Why did you cry?” tanyaku, tidak bisa kutahan.

“Hah?”

I asked you why did you cry in your sleep.”

Did I?”

Yes.”

I don’t know.”

You don’t know.”

“Mmm.”

Terdengar suara Meira menyeruput tehnya lagi. Kemudian Dokter Rina masuk.

“Halo, Meira, sudah baikan?” tanyanya ramah.

“Sudah, Dok,” gumam Meira. “Terima kasih.”

Well you should thank him,” kata Dokter Rina, yang mengangguk padaku.

Meira memandangku dengan matanya yang sayu.

It’s been two times already, isn’t it? Well... is this what they say... fate?” kata Dokter Rina dengan suara yang menggoda.

“Ah, bukan seperti itu, Dok...” kata Meira buru-buru. “Mungkin cuma kebetulan.”

“Nah, kebetulan kan tidak sering terjadi,” ujar Dokter Rina dengan senyumnya yang – manis sekaligus membuat salah tingkah. “Mei, saya beri kamu beberapa obat penghilang rasa sakit untuk dysmenorrhea-mu, kalau-kalau kamu merasa nyeri sekali, minumlah obat ini, ya?”

Meira mengangguk. “Terima kasih, Dok.”

“Istirahatlah sejenak... tehnya dihabiskan, lho,” senyum Dokter Rina, kemudian kembali ke ruangannya.

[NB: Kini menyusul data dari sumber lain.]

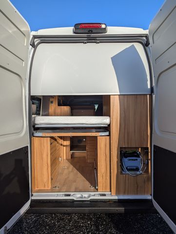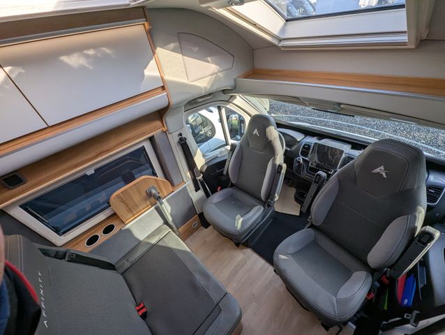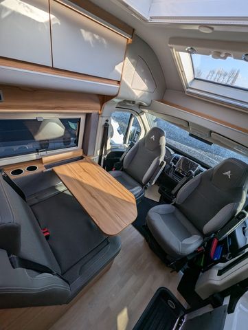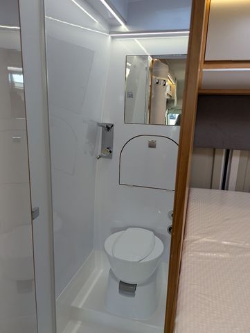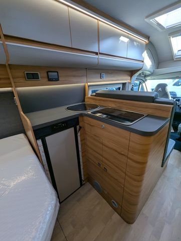 Französisches Bett mit regulierbarem Kopfende, Warmluftheizung mit Boiler Truma Combi, Doppelboden, Fahrerhausverdunklung, Elektrische Eintrittsstufe (70 cm), Insektenschutz Plissee für Seitenschiebetür, Wireless Ladegerät, Dachfenster mit elektrischem Ventilator im Bad, Dachfenster mit elektrischem Ventilator in der Küche
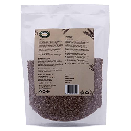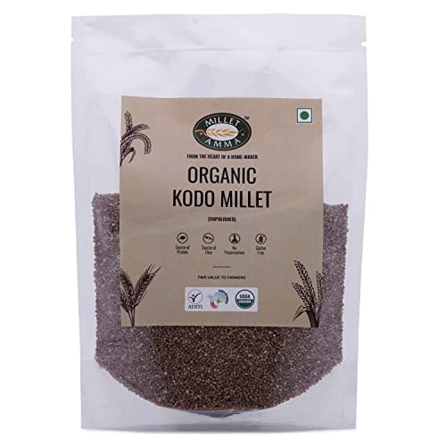 Millet Amma Unpolished CERTIFIED ORGANIC Kodo Millet Grains | 1 Kg Pack | (Arikelu | Hark | Varigu | Kodra | Varagu) | Rich in Fibre Than Rice and High Protein
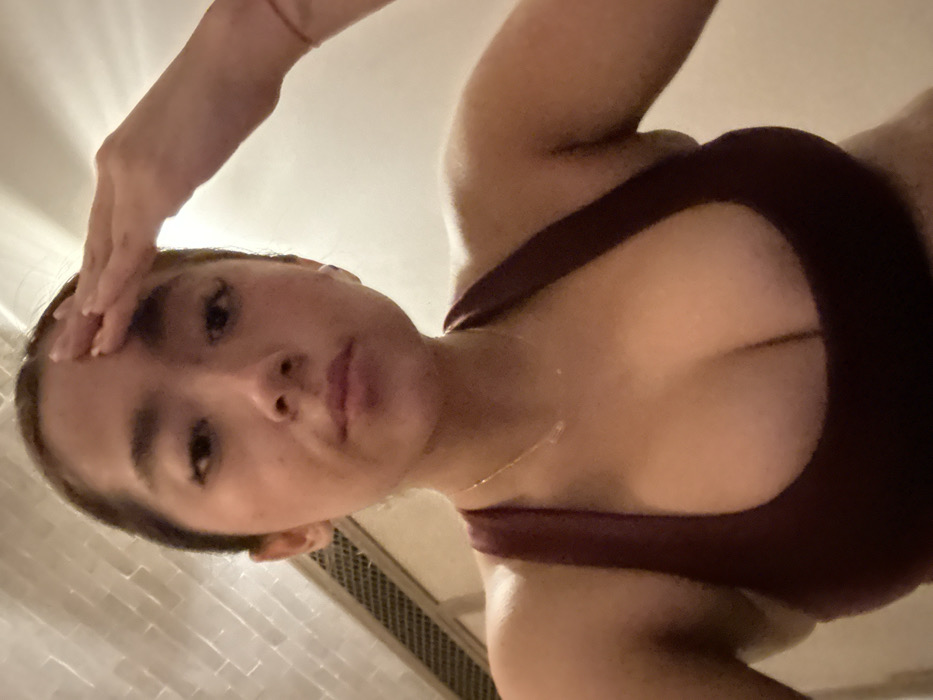 An angled shot of a young woman wearing a maroon sports bra. Her hand rests on her forehead. She is looking directly at the camera. A thin gold necklace is visible. The background includes white textured wall tiles and a decorative metallic vent. The lighting is soft and diffused.
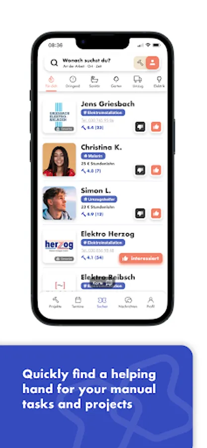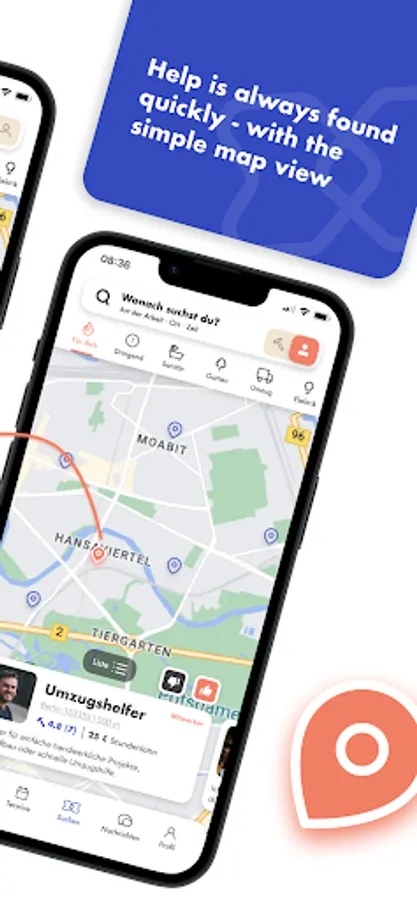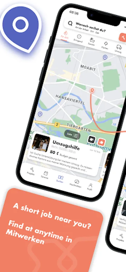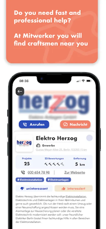 +++ Works like in any dating app: "mitwerker" and clients can like each other in advance. If there are two likes, there's a match! Then you can exchange ideas via the built-in chat and arrange a date.
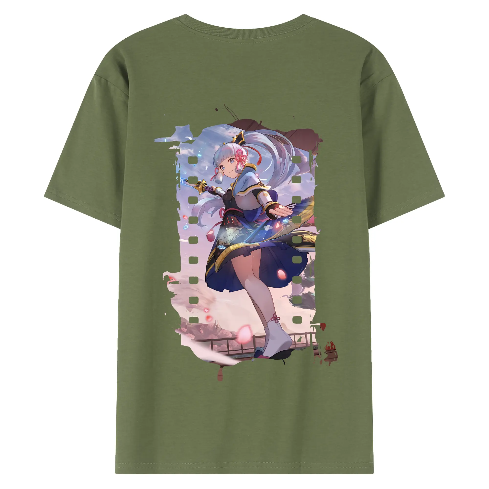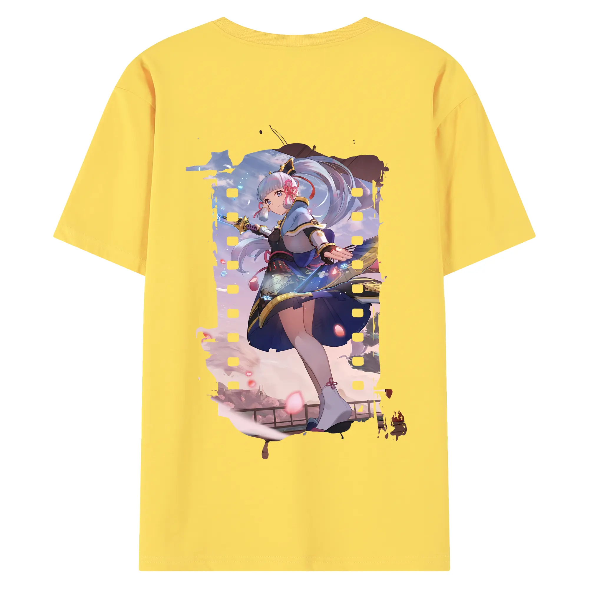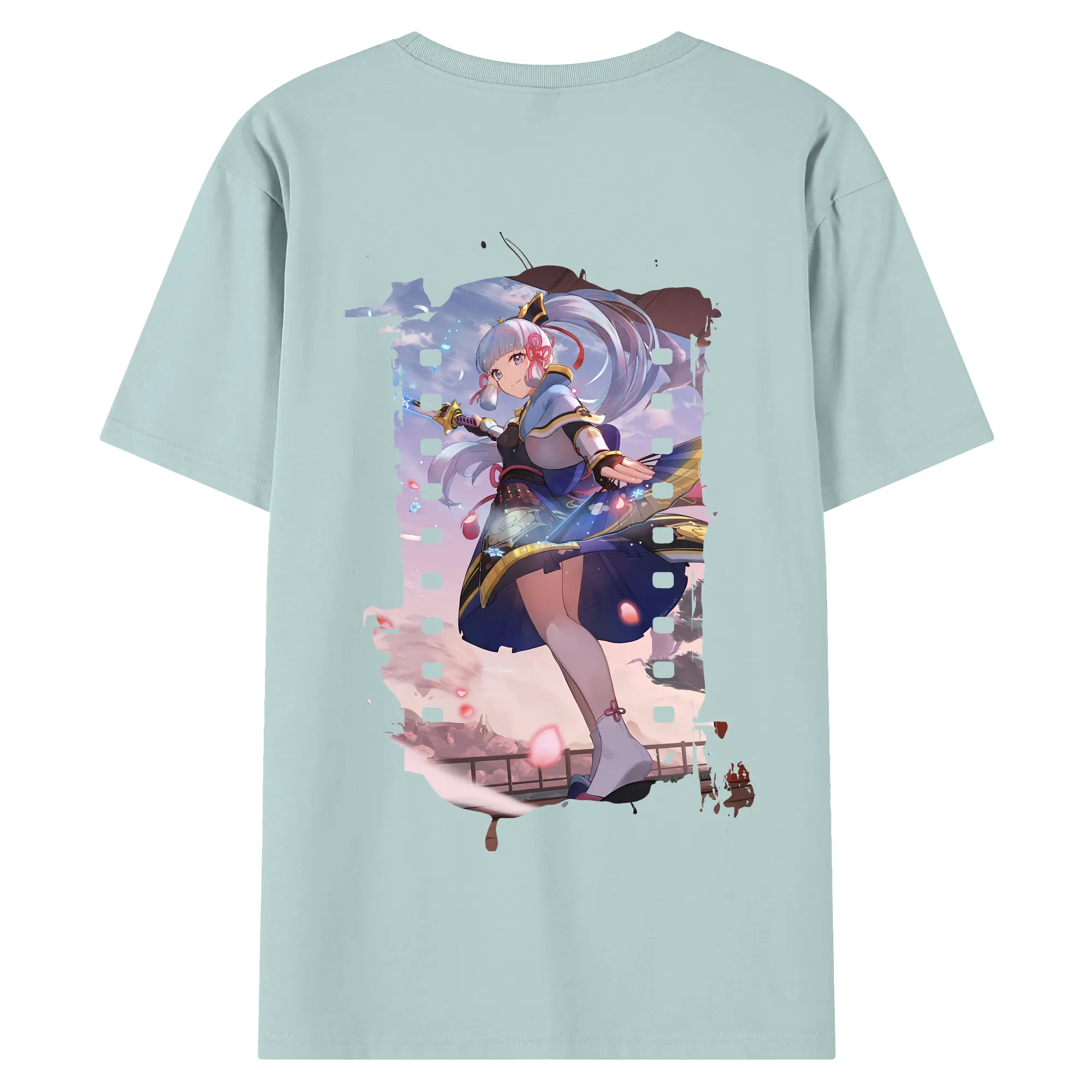 原 神 グッズ 神里綾華 - 綿100% 半袖Tシャツ ・ フロントプリント ・ 快適 通気性 ・ 日常使い 散歩 スポーツ用

“Terima kasih, Dok,” kataku.

Meira menoleh padaku secepat kilat. “Kenapa kamu yang berterima kasih?”

Manners,” jawabku.

Meira mendengus.

“Kuantar kau pulang,” kataku.

“Kalau aku menolak?” tanyanya.

“Aku memaksa,” sahutku tegas. “Temanmu – Kinan – sudah pulang sedari tadi, kan?”

“Bagaimana kau tahu?”

I just saw her. Before I met you at the library.

“Kau melihatnya bersama Kak Arkaz?”

“Siapa?”

“Ah. Lupakan,” kata Meira langsung.

“Tidak, dia sendirian,” kataku melihat ekspresinya. 


Ia terlihat gelisah sekali. Hal berikutnya yang aku tahu, ia turun dari tempat tidur, mengambil tasnya, merogoh ke dalam tasnya, mencari-cari sesuatu.

“Ini,” ucapnya, menyodorkan saputangan. “Aku tidak pernah punya waktu yang tepat untuk mengembalikannya padamu, jadi...”

“Simpanlah,” kataku.

“Tidak bisa,” dia meraih tanganku, dan menyelipkan saputangan itu di genggamanku. “Terima kasih untuk semuanya.”

Dan dengan itu, ia pergi. Aku meremas saputangan itu.

Mei... why... why can’t you just trust me?